I have only one minor comment:
To test the statistical distinguishability of the pre- and post-medication recordings at the group level, the authors selected a priori 4 accelerometer features from the entire dataset, i.e., maximum acceleration, coefficient of variation of acceleration over time, root mean square of acceleration over time, and the total spectral power below 4 Hz. This methodological approach was justified by the observation that these 4 features covered the most often used domains of motion metrics applied for naturalistic bradykinesia monitoring. However, only the coefficient of variation differed between pre- and post- medications states after post hoc comparisons. Could the authors further discuss this result? What the coefficient of variation may represent as compared to the other three accelerometer features?

Author Response

Reviewer 2

In this study, the authors tested the influence of individual model training on short timescale classification of naturalistic (at home) bradykinesia fluctuations in patients with Parkinson’s disease (PD). For this aim, they used data derived from a wrist accelerometer. They compared classification models based on individual data with classification models based on group data. They also analysed the influence of several factors, including the number of individuals and length of analysed data epochs, on classification results.  The analysis showed that at long timescales (60 minutes of data analysed for medication condition), the coefficient of variation of the accelerometer amplitude significantly increased after dopaminergic medication. When considering shorter timescales (60 seconds), this kinematic feature was not predictive of medication state using machine learning. However, considering a larger number of motion metrics, statistically significant classification of medication states could be achieved in 90% of patients using either group or individually trained models. The area under the curves (AUCs) of the group models improved as the length of the feature windows was increased and with additional training patient datasets. When discussing their results, the authors emphasize the feasibility of classifying bradykinesia fluctuations in PD patients using individually trained models for single wrist-accelerometer data on a rapid timescale. This has potential therapeutic implications.  

The present study discusses an interesting topic and it is well-designed. The paper is sufficiently well written; the study aims are clear. The methods and the results are well described.  Study limitations are extensively discussed. 

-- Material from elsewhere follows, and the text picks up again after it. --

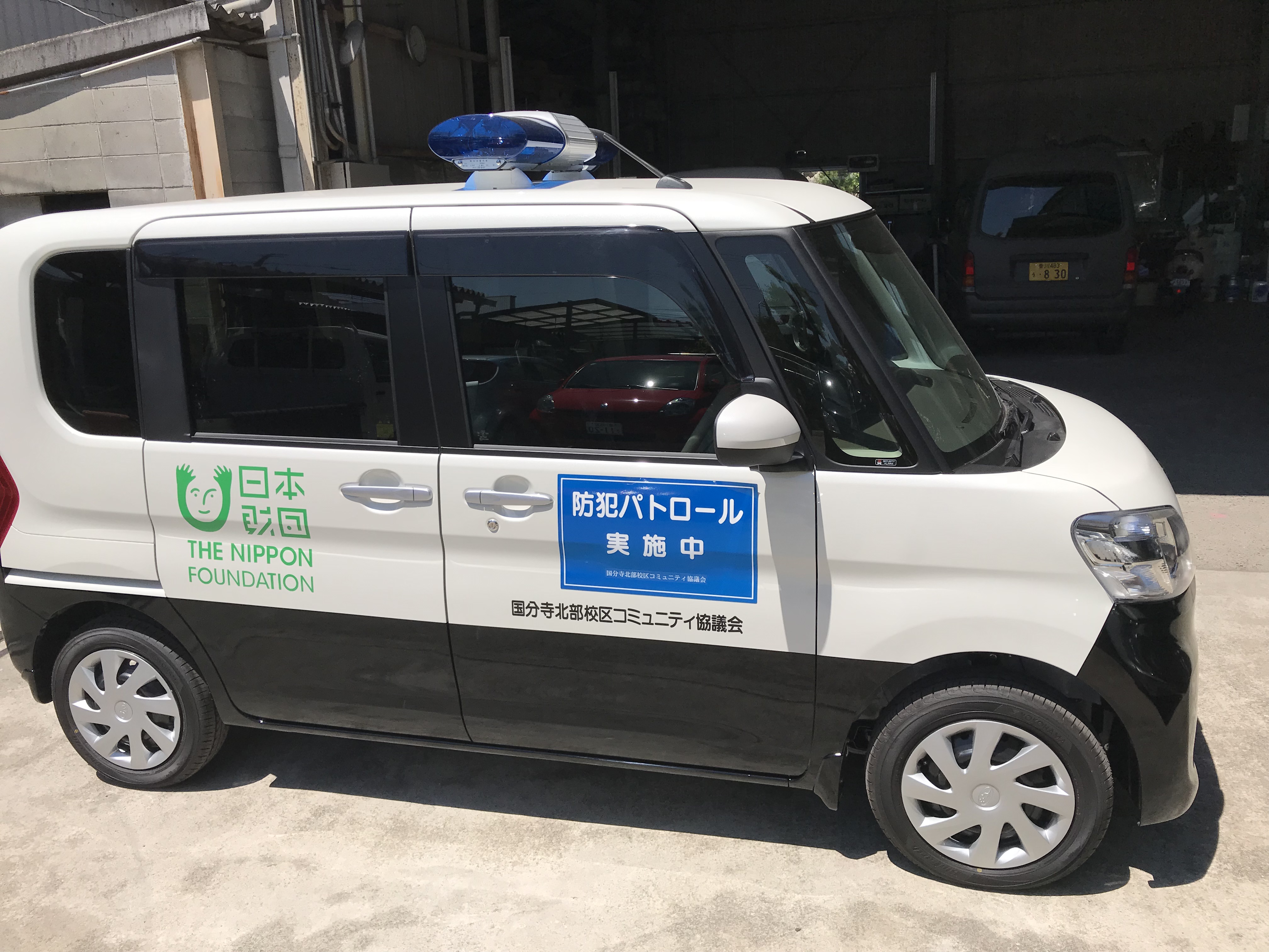 国分寺北部校区コミュニティ協議会では、環境問題に取り組み成果をあげていますが、地域生活を取り巻くさまざまな問題に拡充して取り組む必要があるとの声があがり、平成25年度より安全・安心な地域生活を実現していくために「わがふるさとのくらしは地域全体でまもる。」を合言葉に、青色回転灯を装備した自動車を使用し(通称:青パト)自主防犯パトロールを行っております。

We thank the reviewer for the excellent summary and supportive evaluation. 

I have only one minor comment:

To test the statistical distinguishability of the pre- and post-medication recordings at the group level, the authors selected a priori 4 accelerometer features from the entire dataset, i.e., maximum acceleration, coefficient of variation of acceleration over time, root mean square of acceleration over time, and the total spectral power below 4 Hz. This methodological approach was justified by the observation that these 4 features covered the most often used domains of motion metrics applied for naturalistic bradykinesia monitoring. However, only the coefficient of variation differed between pre- and post- medications states after post hoc comparisons. Could the authors further discuss this result? What the coefficient of variation may represent as compared to the other three accelerometer features?

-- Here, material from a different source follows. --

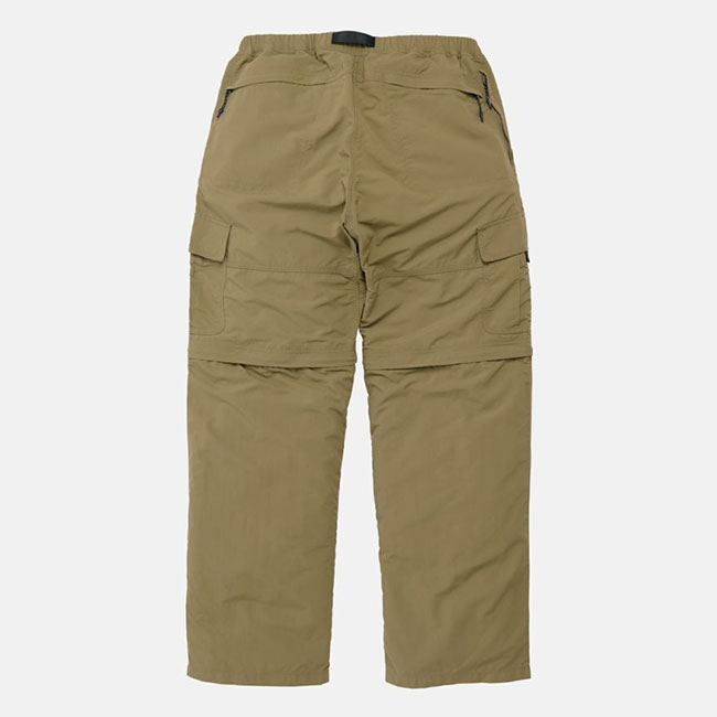 コットンライクな手触りが特徴の、裂けにくく丈夫なリップストップを使用した、ゆとりあるシルエットのカーゴパンツです。膝部分のファスナーによってショーツにもなる2WAY仕様で、7つのポケットを備えています。

Yes - indeed this was an interesting finding to us. Contrarily to the other three features, the coefficient of variance describes a summary metric for the distribution of the motion, instead of simply a maximum or sum score. We suggest that longer term features for naturalistic sensor data in Parkinson patients may have more discriminative potential when they represent the distribution of acceleration. This suggestion is supported in earlier work of Warmerdam et al. We have now added this component to the discussion (p. 11, l. 420-423).